There is boldness in that choice. It’s too much to call Manchester by the Sea subversive, but the heart of storytelling, particularly in quiet character dramas like this one, is change. It’s the old story circle again – a character is called to adventure, has an experience, and comes back changed. Manchester uses that structure, but subverts it. It shows Lee on the cusp of recovering, on the cusp of making a breakthrough, coming ever so close to having that change and epiphany and recommitment to a new life, and then faltering in the face of inescapable reminders of what he was running from in the first place.
It is, in that way, one of the truest testaments to grief imaginable. There are some things in life that cannot be outrun or overcome. It is not a heartening notion, but it is true to live, and Manchester by the Sea examines it with conviction, empathy, and grace.
It would be easy for Lee to be the bad guy, for Patty to be a brat or the piteous kid who lost his father, for the community of Manchester to come together to raise them both up. Instead, there is complexity in the film’s DNA, to where Lee is equal parts unreachable and understandable, Patty experiences genuine pain and difficulty but also reads as a genuine teenager with all the rough edges that come with, and the people of Manchester help the Chandlers as best they can, but help them with well-warranted reservations as well. And it posits that recovery, even when necessary to take care of others you love, may simply not be possible.
And yet, for all that the film has been decried or championed for its depressing qualities, it ends on a note of measured and earned hope. Lee is not ready to be a father again, to be back in the place where his children died again, even for Patty. But he is ready to open his life again, just a little bit. His new apartment will have an extra room so that his nephew can come visit and stay. We see him out on that boat, on the water once more, symbolizing the times when he could be happy and his old self, and it’s a sign that he is not better, but that for the first time in a long time, there’s room in his life for something better.

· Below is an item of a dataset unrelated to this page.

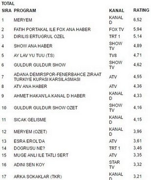 15 Aralık 2017 Cuma Reyting Sonuçları
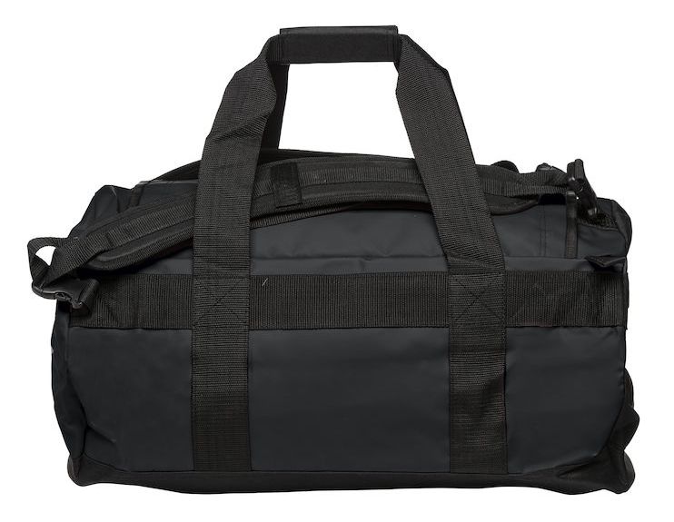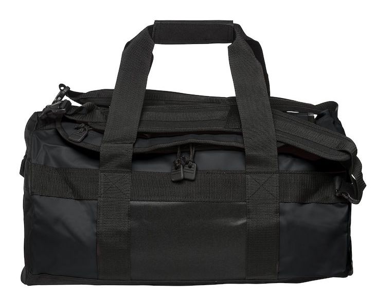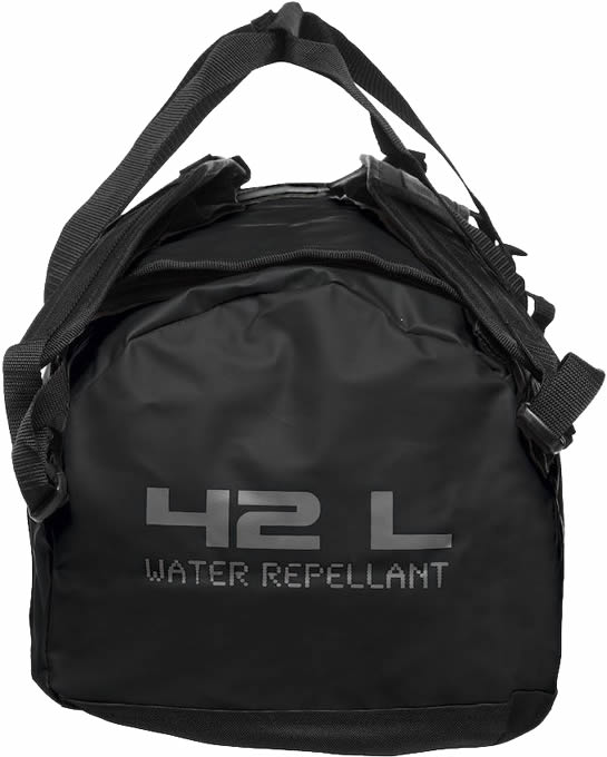 Sac de sport et sac à dos combinés en un – Traitement imperméable – Réglages velcro. Dimensions : 51 x 33 (diamètre) cm Volume : 42L Tissu extérieur en bâche PVC – Base et côtés en polyester.

Lee may never recover from this, may never become the person he was or even a person who a stranger could stand to have a conversation with for a half an hour. But he is, it seems, ready to become more, to open himself up to the last person in this world that he cares about. Manchester by the Sea ends on a note of hope. That hope is measured, balanced out by the cloud of grief that Lee will likely never fully escape, but it is a sign that even amid the harshest of losses, the ones that take away everything, there are people who give us something to hang onto, something to live for, something that makes us just a little bit more who we were before.